Stand up for your right to free speech and support the EBI by saying no to hate speech laws.
Hate speech laws are a grievous infringement on your right to free speech. They stifle debate, criminalize normal human interactions, and have never been shown to actually have any positive impact on the societies which implement them.
Despite that it is now the policy of nearly all Irish political parties that Hate Speech laws be brought into force in Ireland. These political parties are supported in this by nearly every human rights and civil rights organisation in the state, including the Irish Council for Civil Liberties. We disagree with this policy, and we think it is deeply concerning that Irish civil society is now so quick to discard freedom of speech.
The EBI’s position is that free speech is a fundamental human right, a core component of a functioning democracy, and a driver of innovation, in relation to both political and economic affairs.
The fact it has now become fashionable to believe that free speech should be more heavily limited, and that it does not include hate speech, the definition of which is generally left rather malleable, does not change our position.
The right to free speech must be defended to ensure a free and prosperous country, and the changes which the government is considering bringing in would give them wide latitude to interfere in speech which is culturally and politically important.
The EBI has asked two independent experts to produce a document explaining why the Government’s proposal to bring in hate speech laws is neither desirable nor attributable to evidence.
These pieces together offer a comprehensive and cohesive overview of the area and present a compelling argument against the adoption of broader hate crime and hate speech legislation.
Whilst those pieces make a compelling argument on their own here are 5 short points which we believe are the primary arguments against an expansion of the 1989 Act.
- Hate speech laws are fundamentally undemocratic as they undermine the ideal that citizens are equal before the law.
- Removing the requirement to prove intent or likelihood from the 1989 Act would create a scenario in which the law could be used, by mischievous or malevolent parties, as a weapon against those they dislike, those they wish to hurt, or those expressing political opinions which, whilst legitimately not racist or otherwise unacceptable, are offensive to a member of a particular group.

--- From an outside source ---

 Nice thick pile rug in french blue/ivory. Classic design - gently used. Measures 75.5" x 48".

- Hate speech laws are fundamentally racist as they ‘other’ and infantilise the groups they aim to protect.
- Accepting the idea that the state should be capable of controlling public, and therefore political, speech will cause the state to gain an unconscionable degree of control over the lives of its citizens and that power will be open to misuse and corruption.

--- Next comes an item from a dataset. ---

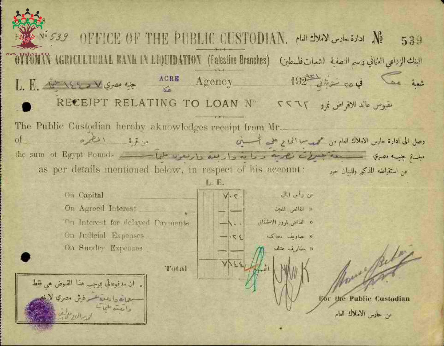 إيصال دفع قسط قرض للبنك الزراعي العثماني من محمد الحاج علي الحسيني

- The organisations currently collecting statistics on hate crimes in Ireland are mostly activist organisations who support the adoption of stricter laws on speech and, as such, the statistics that they produce should not be seen as a proof of the level of hate crimes in Ireland. The state has been negligent in not collecting exhaustive information on this subject itself before considering movement on the Act and, as such, a broadening of the Act now cannot claim to be based upon evidence of a sufficient quality to justify the potential harm to what is nearly universally recognised as a fundamental right of the human person.

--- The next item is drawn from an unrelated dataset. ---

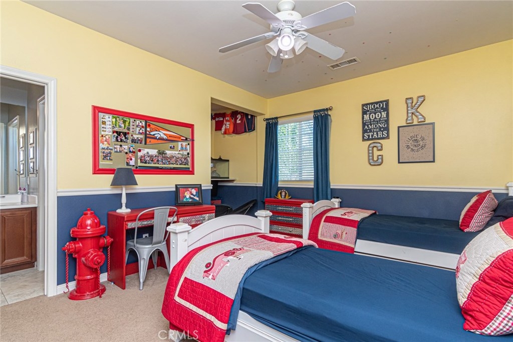 Largest model in the desirable Adeline's Farm development in French Valley. This home looks and shows like a model home. This 6 bedroom 4 bath home has a 4 car garage, RV/Boat parking, an office and a bonus room. 2 bedrooms downstairs with a full bath downstairs as well. Large office downstairs along with a huge bonus room that could be used as a media room, playroom, man cave, craft room, so many options. The kitchen is a highlight. Shiplap lines the spacious island. Beautiful white cabinets and grey island cabinets. There is a mud room off the kitchen and a walk in pantry. The living room has plenty of space for entertaining. Upstairs the master bedroom has 2 walk in master closets. 2 bedrooms upstairs share an adjoining bathroom and the 4th bedroom upstairs has it's own bathroom and walk in closet. The laundry room is upstairs and has a sink. Currently there are no neighbors behind and has been that way since the home was built. There is turf in the back yard and a beautiful aluma wood patio cover. This yard has plenty of entertaining highlights. Has a fire pit and a built in bbq. The side yard is large enough for RV/Boat parking. It has 2 separate 2 garages. There are 2 attics both with storage space. Ring door bell with recording device on property. Solar lease to be assumed by buyers $168 a month. Located in the award winning Temecula school district. Minutes from shopping, freeway access, and wine country. This home truly has it all. This is an absolute must see!

You can read the full document HERE.
Tell the government that Ireland does not need Hate Speech Laws
We call on the government not to enact any legislation which would bring in hate speech and / or hate crime legislation. Freedom of speech is a core human right and these laws, particularly in the forms currently being considered, would present a grave threat to personal, political, cultural, and artistic speech.
These laws will not help Irish society, they are themselves deeply divisive. These laws will not stop racism from being seen in Irish society, they are themselves racist. These laws, by infantilising and othering people based on their personal characteristics, represent a continuation of Rudyard Kipling’s command to “take up the white man’s burden.”
They are ill-conceived, they are racist, and they are repugnant to a just society.